→ **How to complete this task**
Your answer should be every line with the word "qualifiés", copied from the data below.

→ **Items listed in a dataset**
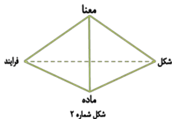
شکل شماره ۲

«چشم‌انداز معنا» به مضمون هدف‌دار فرآیند تغییر، حیات و جهت‌گیری آن نظر می‌افکند. مقررات رفتاری، ارزش‌ها، نیت‌ها، مقاصد، طرح‌ها، راهبردها و روابط قدرت در دنیای امر انسانی در نظام ارزش‌ها، روش‌ها، بینش‌های تغییر فردی، تغییر اجتماعی و آشکارگی آن در عرصه هنر، سامان می‌یابند و به این قرار مضمون جهت‌ی مکتب تغییر را توضیح می‌دهند. پس، فهم کامل فرآیند حیات و تغییر، باید دربرگیرنده ترکیب چهار چشم‌انداز شکل، ماده، فرآیند و معنا باشد (نک: شکل ۲).
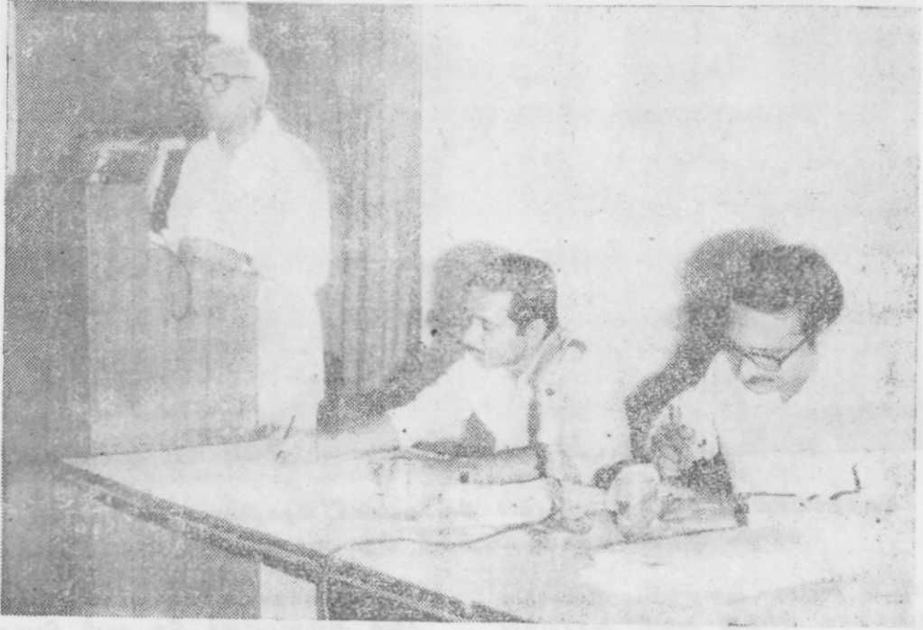
நீதிபதி வி. ஆர். கிருஷ்ணய்யர் அவர்கள் துவக்க உரையாற்றுகிறார்.

தமிழ் மாநில கட்டிடத் தொழிலாளர் சங்கத்தின் தேசிய கருத்தரங்கம் 1985 நவம்பர் 1, 2, 3, தேதிகளில் புதுதில்லி காந்தி சமாதான அரங்கத்தில் மிகச் சிறப்பாக நடைபெற்றது.
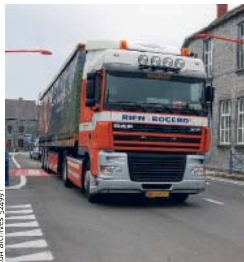
Le secteur du transport, notamment, recherche des travailleurs. Même non qualifiés.

« C'est l'avantage de ces industries. Pour la plupart, elles recherchent des personnes qualifiées mais également des employés non qualifiés qui travailleront à la chaîne par exemple. » Un signe encourageant pour ceux qui n'ont pas de grands diplômes à faire valoir.
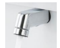
ソフト(泡まつ)吐水
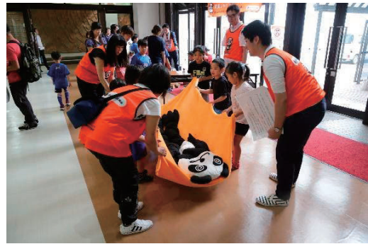
トップスポンサーのSOMPOホールディングスによる防災意識を高めるワークショップや、地域スポンサーとして地元企業などが参加し、ブース出展や写真撮影会も。
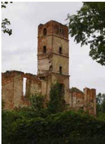
Smolec - ruiny pałacu

W otoczeniu fosi, którą można było przebyć mурowanymi mostkami, stał pałac na planie nieregularnego czworoboku, podpiwniczony, parter sklepiony kolebkowo z lunetami, na osi centralnej wieża na planie kwadratu, stanowiąca
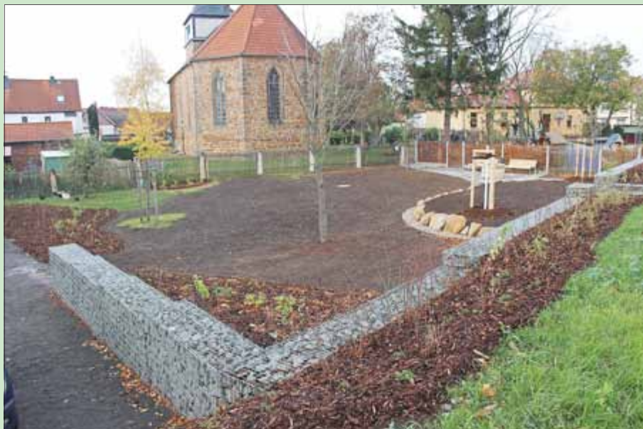
Platzgestaltung Anger im OT Grabsleben, 1. BA

Lesen Sie dazu mehr auf den Innenseiten dieser Ausgabe.
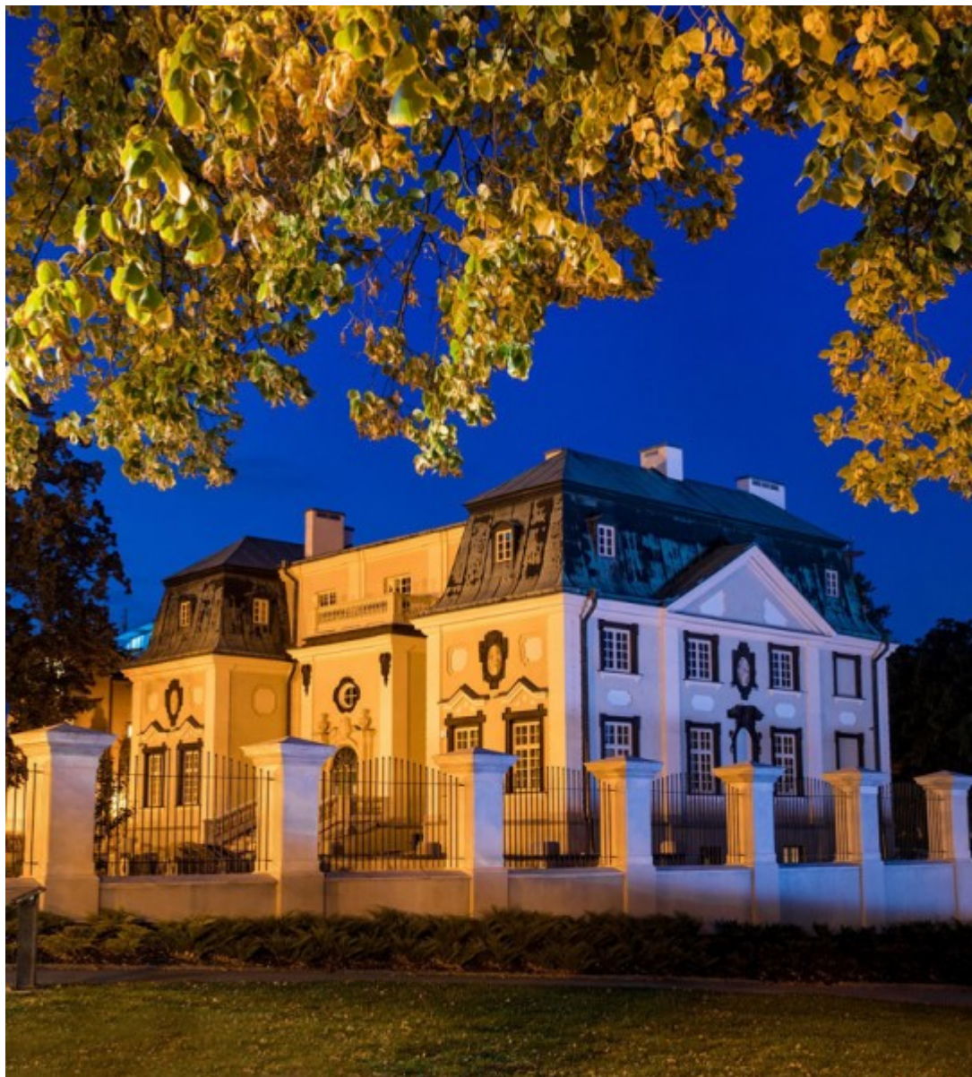
Letni pałacyk Lubomirskich
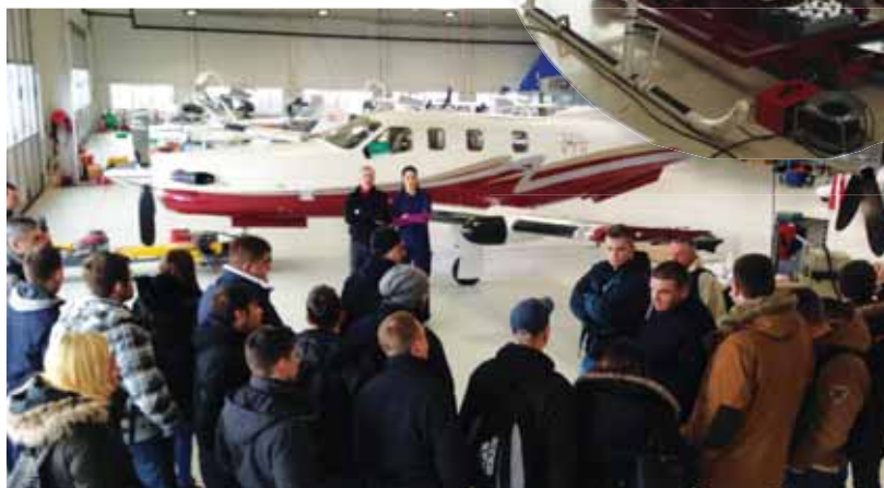
Posjet tvrtki Urbe Aero

GmbH u austrijskom gradu Wiener Neustadt.
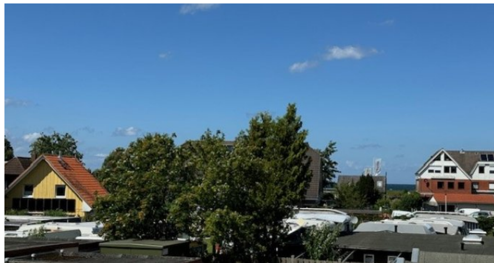
Blick zum Wasser
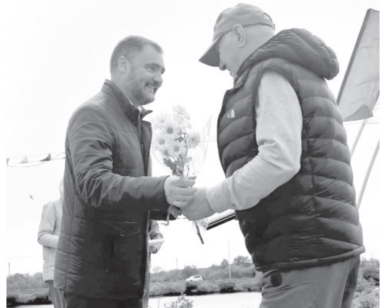
Награждение сотрудников рыбной промышленности
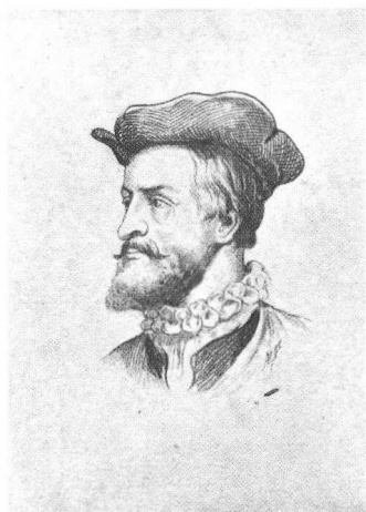
Jacques CARTIER (1491-1557)
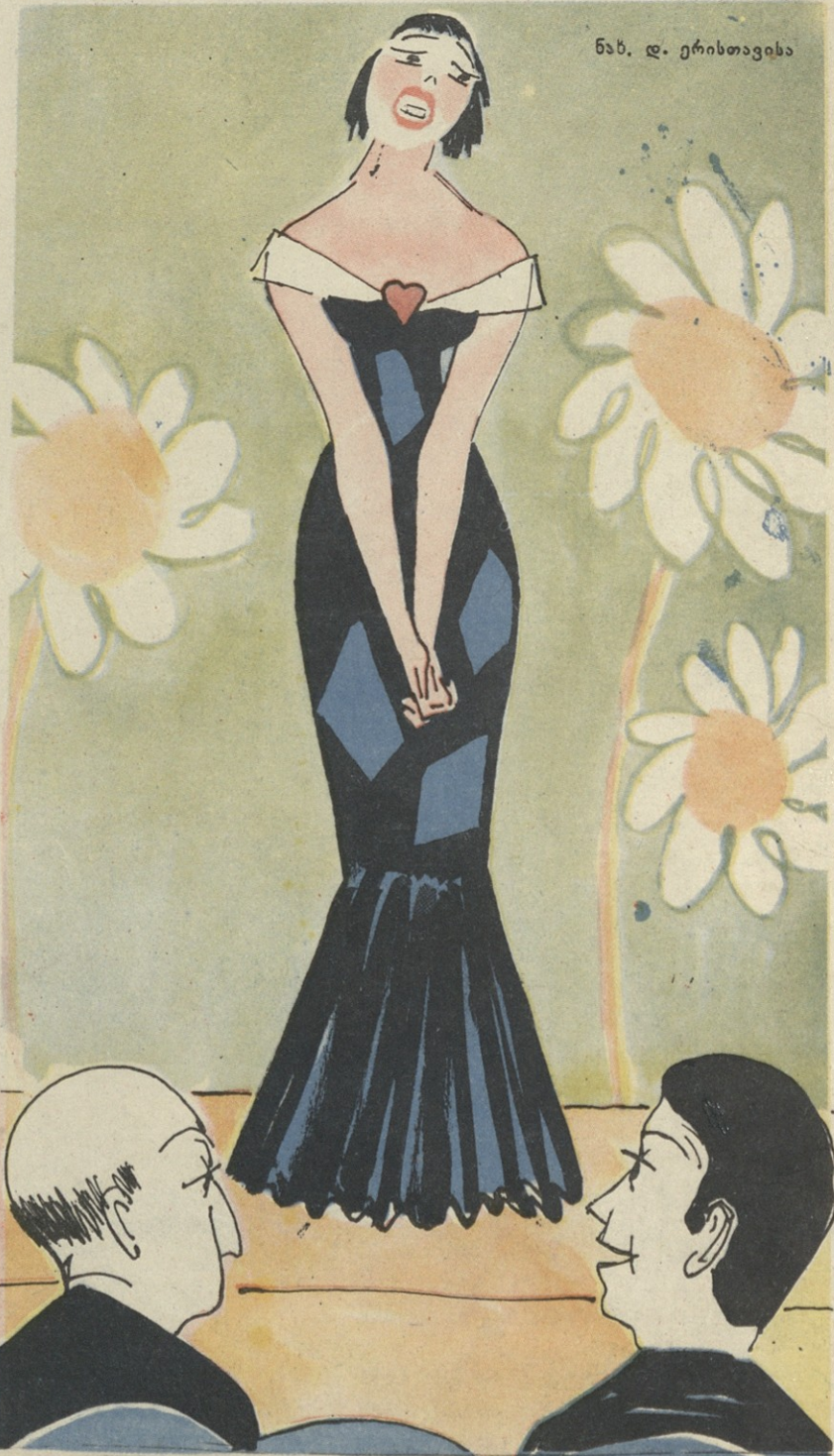
ნახ. დ. ერისთავისა

— რაა, ბოლოს და ბოლოს, ყოველ წელს სულ ერთსა და იმავე სიმღერას რომ მღერიან? — შე კმაყოფილი ვარ, წელს მომღერალი მაინც გამოუცვლიათ.
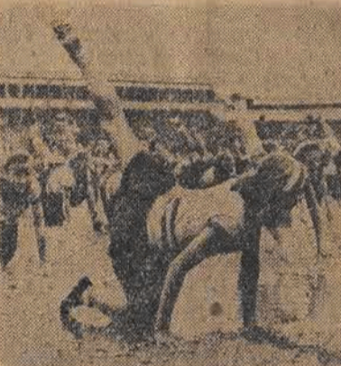
Deszcze i błoto dokuczają nie tylko obywatelom Polski. W Czechosłowacji na popisach gimnastycznych młodzież wykonuje ćwiczenia na stadionie, mimo złej pogody i błota.
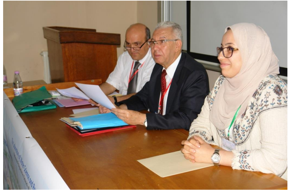
Clôture de la première journée 21 Mai des JT-REUE 2017 - par la remise de prix et divers types d'attestations
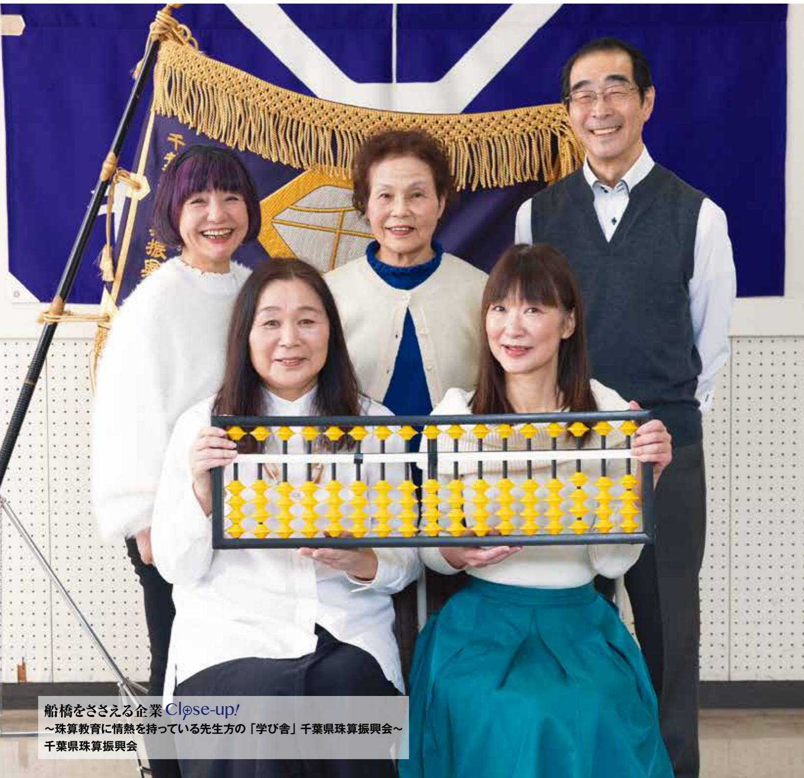
船橋をささえる企業 Close-up! ～珠算教育に情熱を持っている先生方の「学び舎」千葉県珠算振興会～ 千葉県珠算振興会

船橋商工会議所 令和6年度スローガン ～次世代の船橋商工会議所を見据えて考働する～
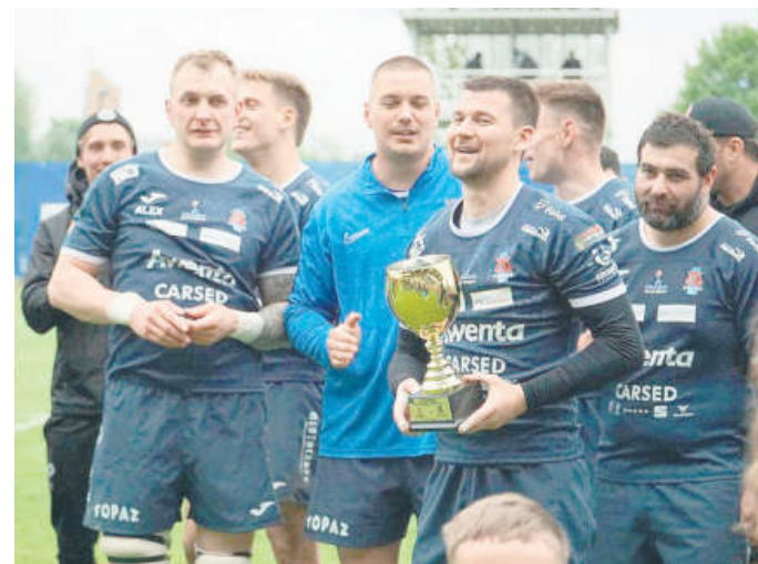
Puchar Janusza „Kiera” Jaroszewicza w rękach rugbyistów Pogoni
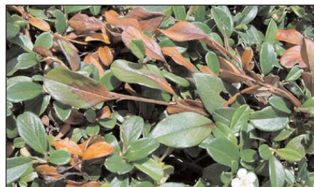
Symptômes de feu bactérien sur Cotoneaster dammeri 2 à 4 semaines après infection des fleurs (mois de juin)

→ **Solution**
Le secteur du transport, notamment, recherche des travailleurs. Même non qualifiés.
« C'est l'avantage de ces industries. Pour la plupart, elles recherchent des personnes qualifiées mais également des employés non qualifiés qui travailleront à la chaîne par exemple. » Un signe encourageant pour ceux qui n'ont pas de grands diplômes à faire valoir.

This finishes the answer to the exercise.